For this exercise, transcribe every line of the material exactly and skip the pictures.

| DATA SEGMENT |
****

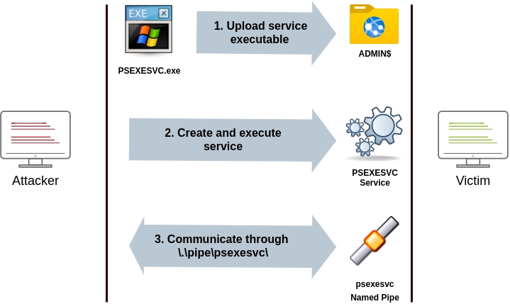 Connect to Admin$ share and upload a service binary. Psexec uses psexesvc.exe as the name.
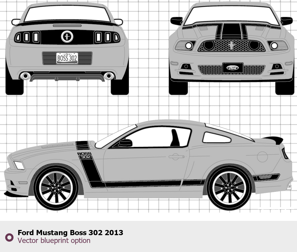 Raster blueprint of the 2013 Ford Mustang Boss 302 Tag. This free downloadable image can be used for graphic projects, digital design, and 3D modeling. The file provides accurate exterior proportions of the vehicle. Model year: 2013. Body type: Tag.
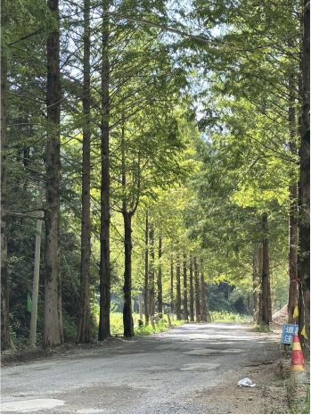 “这条路是通向岔口革命老区和小川、武阳、新溪口、昌溪等旅游区域的一条主要道路,原来的道路狭窄且路面破损严重,安全隐患不小。”这条路段全场1.8公里,看似不长,确实一条关键的“毛细血管”,是深渡镇村民日常出行的“生命线”。2024年,相关部门走访调研,现状道路迂回曲折,存在多个小半径回头曲线与大纵坡组合,路线指标差,西侧基本农田分布广泛,存在较大安全隐患。但两侧的水杉风景线为周边环境增添了一抹别样的自然魅力。当地村民及调研团队都提到要保护好两侧的水杉风景带。

****

| ANSWER SPACE |
 Connect to Admin$ share and upload a service binary. Psexec uses psexesvc.exe as the name.
 Raster blueprint of the 2013 Ford Mustang Boss 302 Tag. This free downloadable image can be used for graphic projects, digital design, and 3D modeling. The file provides accurate exterior proportions of the vehicle. Model year: 2013. Body type: Tag.
 “这条路是通向岔口革命老区和小川、武阳、新溪口、昌溪等旅游区域的一条主要道路,原来的道路狭窄且路面破损严重,安全隐患不小。”这条路段全场1.8公里,看似不长,确实一条关键的“毛细血管”,是深渡镇村民日常出行的“生命线”。2024年,相关部门走访调研,现状道路迂回曲折,存在多个小半径回头曲线与大纵坡组合,路线指标差,西侧基本农田分布广泛,存在较大安全隐患。但两侧的水杉风景线为周边环境增添了一抹别样的自然魅力。当地村民及调研团队都提到要保护好两侧的水杉风景带。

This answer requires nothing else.